Closed (works as designed)
Project:
HTML Purifier
Version:
7.x-2.x-dev
Component:
Miscellaneous
Priority:
Normal
Category:
Support request
Assigned:
Unassigned
Reporter:
Created:
15 May 2012 at 19:23 UTC
Updated:
25 May 2012 at 06:45 UTC
Hello there....
I have users who copy/paste from their respectively joomla sites in my filtered textformat
and it gives outputs some xml content from their webpages like this
<!--[if gte mso 9]><xml>
<w:WordDocument>
<w:View>Normal</w:View>
<w:Zoom>0</w:Zoom>
<w:TrackMoves/>
<w:TrackFormatting/>
<w:HyphenationZone>21</w:HyphenationZone>
<w:PunctuationKerning/>
<w:ValidateAgainstSchemas/>
<w:SaveIfXMLInvalid>false</w:SaveIfXMLInvalid>
<w:IgnoreMixedContent>false</w:IgnoreMixedContent>
<w:AlwaysShowPlaceholderText>false</w:AlwaysShowPlaceholderText>
<w:DoNotPromoteQF/>
<w:LidThemeOther>DA</w:LidThemeOther>
<w:LidThemeAsian>X-NONE</w:LidThemeAsian>
<w:LidThemeComplexScript>X-NONE</w:LidThemeComplexScript>
</w:LatentStyles>
</xml><![endif]-->How can i configure htmlpurifier to strip that whole xml block
Comments
Comment #1
ezyang commentedHTML Purifier should already strip that out.
Comment #2
acoustika commentedWell it dont..... Well yes it it not writing like that on screen... I havent pasted it all....
But some weird things are printed out, and that is what I see when I disable rich text in te editor
Comment #3
ezyang commentedWhat gets output when you input the text that you showed in this post?
It's possible that HTML Purifier is not getting something, but you might be attributing it to a different kind of markup.
Comment #4
acoustika commentedHere goes at long post :-)
The full copy/paste I see when I disable rich text is like this
And the weird output on the page is like this
I have spend hours trying to put thing in disallowed tags and attributes fields...
Tried the advanced purifier and alot of different things but cant get it to strip it....
I'm sure I have the purifier on the right text format at at bottom filtering process...

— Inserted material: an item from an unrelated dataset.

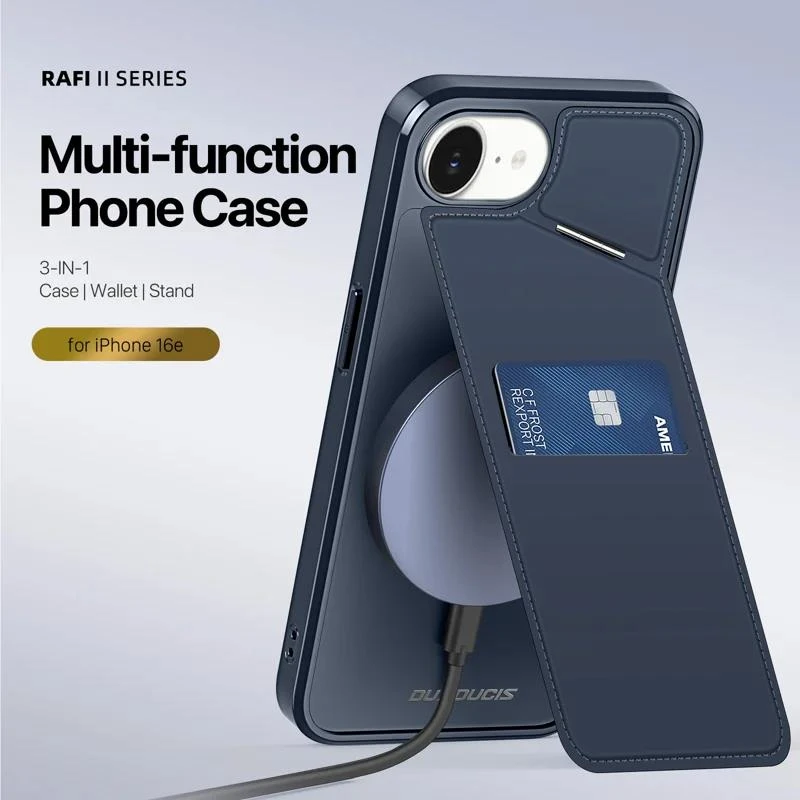 DUX DUCIS Rafi II Magnetic Case W/ Kickstand And Card Slots For Apple IPhone 16e – Blue

I also have tinymce installed through the wysiwig module and use that for that field...
And also invisimail...
My filter process order are
Comment #5
heddnCan you disable pasting from MS Word? I think that is an option from wysywig...
Comment #6
acoustika commentedIn tinymce on cleanup I have these
Verify HTML ON
If enabled, potentially malicious code like tags will be removed from HTML contents.
Preformatted OFF
If enabled, the editor will insert TAB characters on tab and preserve other whitespace characters just like a PRE element in HTML does.
Convert tags to styles ON
If enabled, HTML tags declaring the font size, font family, font color and font background color will be replaced by inline CSS styles.
Remove linebreaks ON
If enabled, the editor will remove most linebreaks from contents. Disabling this option could avoid conflicts with other input filters.
Apply source formatting
If enabled, the editor will re-format the HTML source code. Disabling this option could avoid conflicts with other input filters.

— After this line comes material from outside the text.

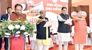 रायपुर। मुख्यमंत्री श्री विष्णु देव साय आज 75वें संविधान दिवस के अवसर पर राजधानी रायपुर स्थित टाउन हॉल में आयोजित ‘हमारा संविधान, हमारा स्वाभिमान’ कार्यक्रम में शामिल हुए। मुख्यमंत्री श्री साय ने उपस्थित जनसमूह के साथ संविधान की प्रस्तावना का सामूहिक वाचन किया और संविधान के प्रति अपनी निष्ठा व्यक्त की। इस दौरान मुख्यमंत्री ने संविधान दिवस पर आयोजित प्रदर्शनी का अवलोकन किया। उन्होंने संविधान पर आधारित लघु फिल्म भी देखी और जनप्रतिनिधियों के साथ इस अवसर को यादगार बनाने के लिए सेल्फी ली।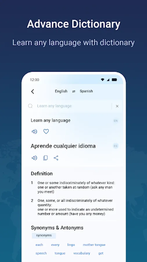 Dictionary & Translate app is one of the most comprehensive and accurate dictionary for all languages. The free dictionary of English provides definitions and translations for over 200 languages. An English dictionary for android is a reference work on the English language, specifically on the meaning of words. Free Dictionary and Translator app is a collection of words, each with its own meaning, definition, synonyms, and antonyms. A bilingual dictionary & word meaning app also includes a thesaurus and audio pronunciations. This is an offline medical dictionary app that includes a Spanish dictionary, French dictionary, German dictionary, Italian dictionary, Russian dictionary, Chinese dictionary, and many more. All Language Dictionary App is easy to use and provides a wealth of information. A powerful offline dictionary is perfect for students, travelers, and anyone who needs a quick reference.

Force cleanup on standard paste OFF
If enabled, the default paste function (CTRL-V or SHIFT-INS) behaves like the "paste from word" plugin function.
So actually that one is off
Comment #7
ezyang commentedIf you copy paste that HTML into the HTML Purifier demo: http://htmlpurifier.org/demo.php?post , you can see that it all gets cleaned up. Did you enable the HTML Purifier filter?
Comment #8
acoustika commentedYes it is.....
But I just tried moving the filters around abit.... And Figured out if I drag "Limit allowed HTML tags" down beneath htmlpurifier it strips it ut from the display..... It is still there in the post if I edit the post and disable rich text... Dont know if it's supposed to be or to get truely stripped away from the post, but at least with having the "Limit allowed HTML tags" filter beneath htmlpurifier it doesnt display anything weird....
I now have my filters like this
Correct faulty and chopped off HTML
Convert line breaks into HTML
Convert URLs into links
HTML Purifier (advanced)
Limit allowed HTML tags
But a thing like making htmlpurifier add rel="nofollow" to al links dont work like that, but that I can make the last filter do...
Encode email addresses: Javascript-wrapped HTML entities
Comment #9
ezyang commentedI think all of the extra filters you have are unnecessary, and can be done by HTML Purifier. In particular, enable auto paragraphing and URLification.